___ DATASET CONTENT ___

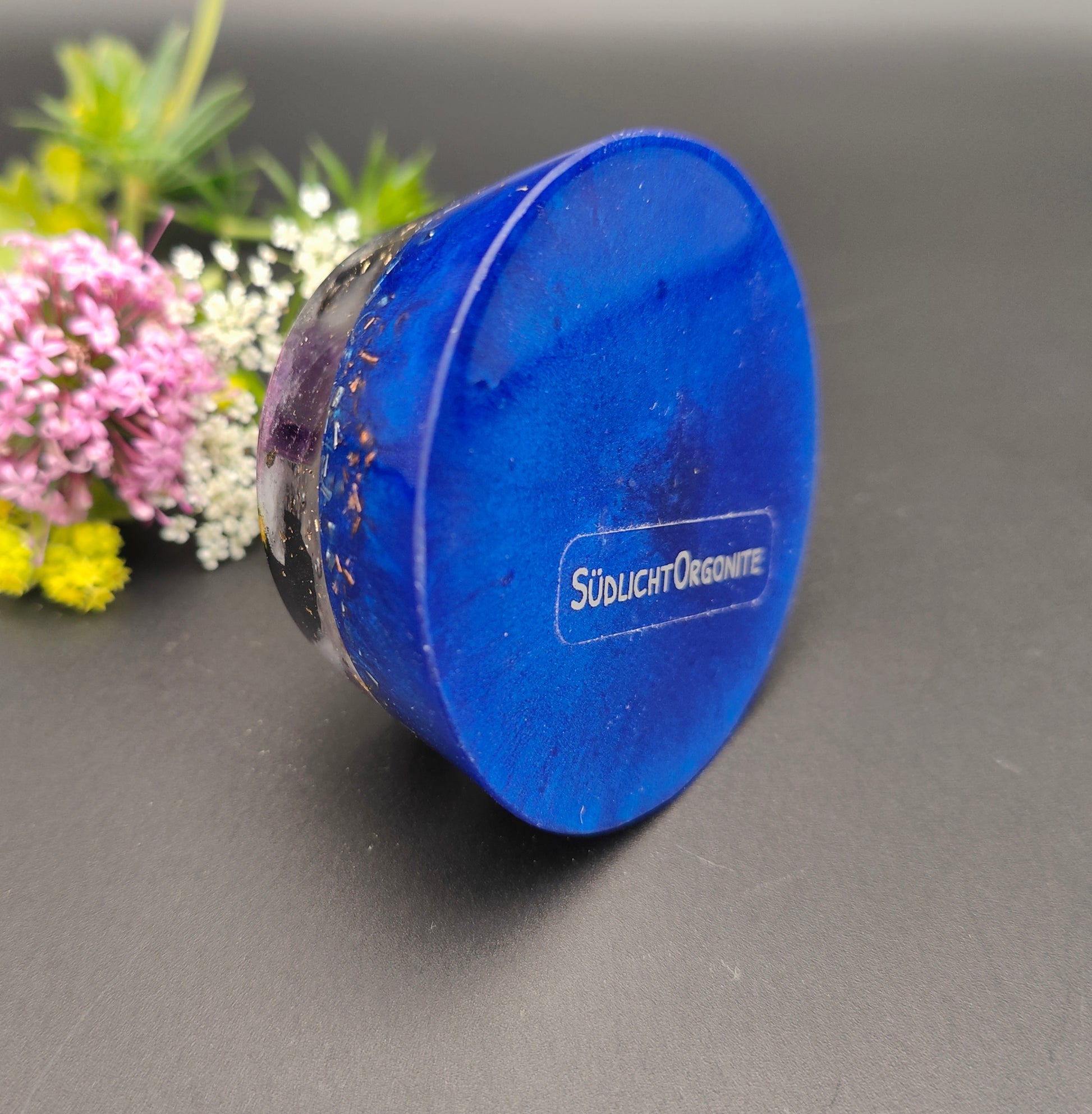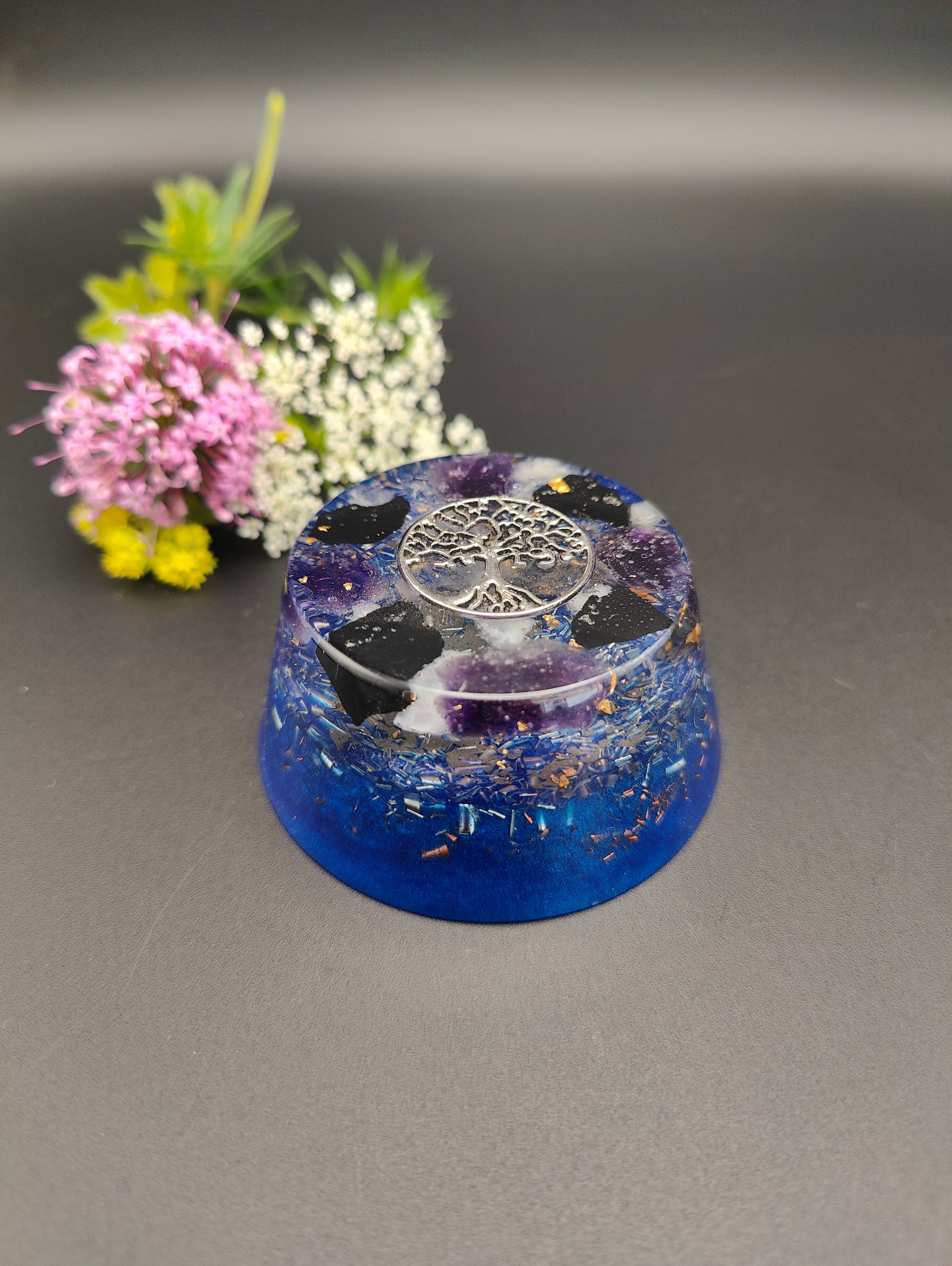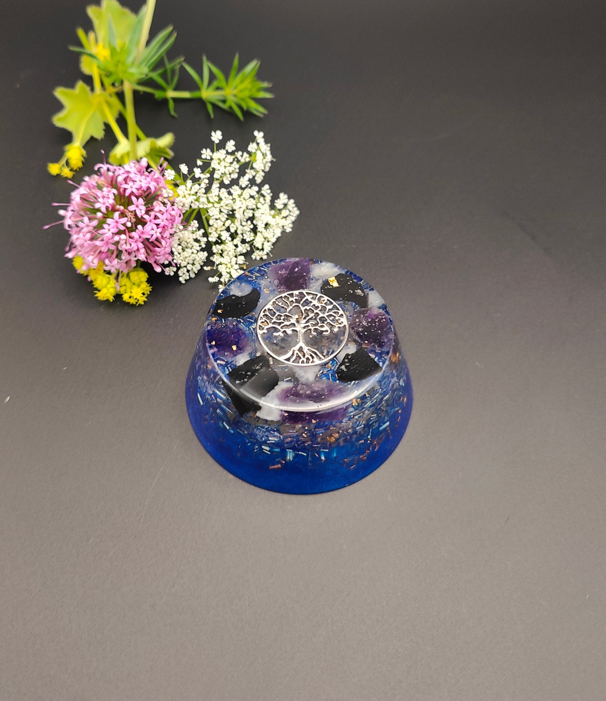 Dieser Orgonit enthält einen Baum des Lebens aus Metall, dazu Bergkristall, Amethyst und Shungit mit ein wenig 24K Blattgold. Die Farbschicht in Dunkelblau ist mit Kupfer, Eisen, Messing und Agnihotraasche gefüllt.
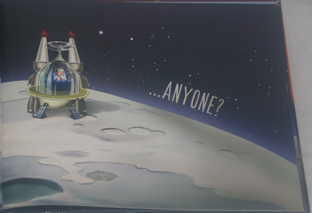 Pero nuestro pequeño astronauta pronto descubre que el polvo lunar no tiene ese aroma de kugel recién horneado, y ¿tratar de servir jugo de uva en gravedad cero? Bueno, digamos que no salió muy bien.
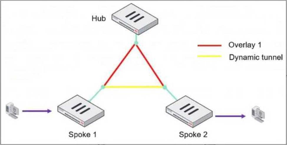 The client behind Spoke-1 generates traffic to the device located behind Spoke-2.
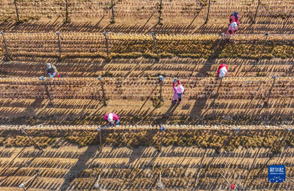 2月20日,在榮成市靖海灣畔一處晾曬場,漁民在晾曬魷魚(無人機照片)。
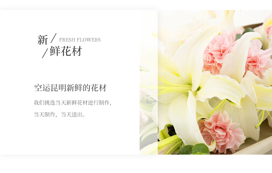 由于鮮花包扎的花藝師不同,可能在花束的形式和搭配上與圖片略有小的區(qū)別,但我們保證鮮花的主花材品種、新鮮程度、數量、顏色與說明一致,感謝您的理解。
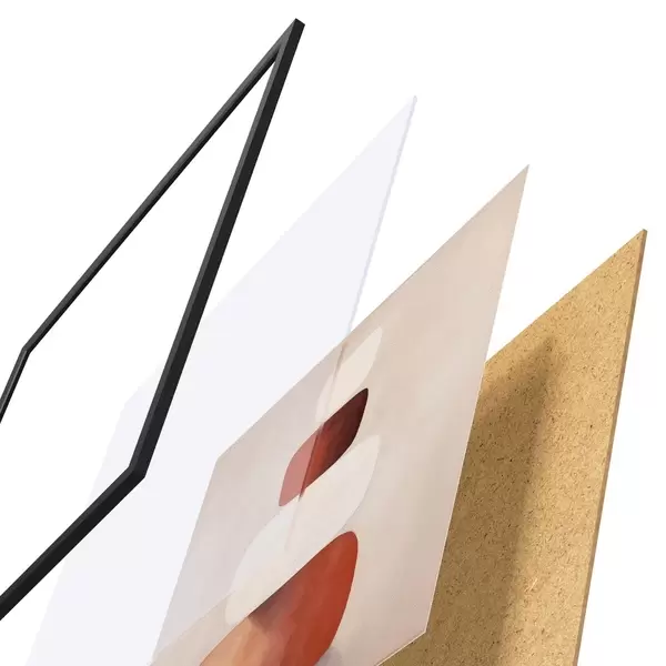 Das Poster besteht aus einem Rahmen, Plexiglas, einem gedruckten Bild und einer Rückwand aus Spanplatten. Dank der Halterungen auf der Rückseite kann das Poster sofort an die Wand gehängt werden.
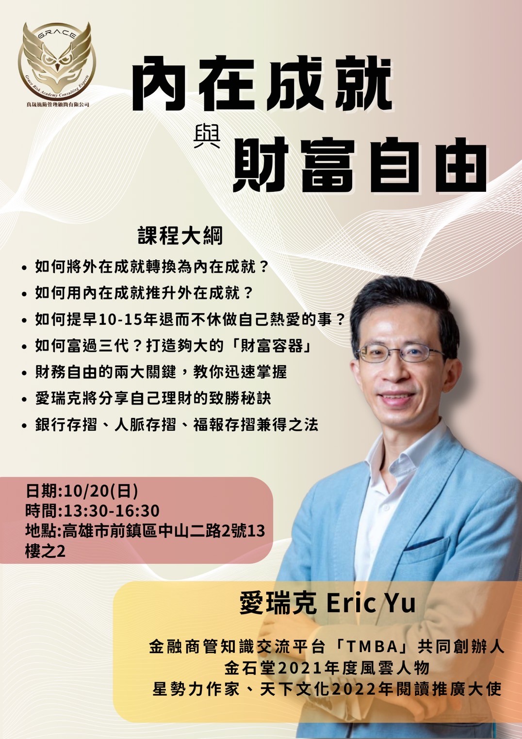 二度面臨財產歸零!TMBA 愛瑞克 40 歲達成財富自由,由本尊來談談財富自由,作對方法,從零也能開始,乾貨滿滿,無論您是否聽過愛瑞克的演講,絕對不能錯過這一場,愛瑞克特別為這場講座重新詮釋,唯一一次現場實做的內容,只為讓每一個來的你,得到更多從內在成就到財富自由的關鍵,記得帶上一隻筆喔~

___

_ABOUT THIS TASK_: Transcribe the records above exactly as they appear, leaving out any pictures.

_RESPONSE FOR THIS EXERCISE_:
 Dieser Orgonit enthält einen Baum des Lebens aus Metall, dazu Bergkristall, Amethyst und Shungit mit ein wenig 24K Blattgold. Die Farbschicht in Dunkelblau ist mit Kupfer, Eisen, Messing und Agnihotraasche gefüllt.
 Pero nuestro pequeño astronauta pronto descubre que el polvo lunar no tiene ese aroma de kugel recién horneado, y ¿tratar de servir jugo de uva en gravedad cero? Bueno, digamos que no salió muy bien.
 The client behind Spoke-1 generates traffic to the device located behind Spoke-2.
 2月20日,在榮成市靖海灣畔一處晾曬場,漁民在晾曬魷魚(無人機照片)。
 由于鮮花包扎的花藝師不同,可能在花束的形式和搭配上與圖片略有小的區(qū)別,但我們保證鮮花的主花材品種、新鮮程度、數量、顏色與說明一致,感謝您的理解。
 Das Poster besteht aus einem Rahmen, Plexiglas, einem gedruckten Bild und einer Rückwand aus Spanplatten. Dank der Halterungen auf der Rückseite kann das Poster sofort an die Wand gehängt werden.
 二度面臨財產歸零!TMBA 愛瑞克 40 歲達成財富自由,由本尊來談談財富自由,作對方法,從零也能開始,乾貨滿滿,無論您是否聽過愛瑞克的演講,絕對不能錯過這一場,愛瑞克特別為這場講座重新詮釋,唯一一次現場實做的內容,只為讓每一個來的你,得到更多從內在成就到財富自由的關鍵,記得帶上一隻筆喔~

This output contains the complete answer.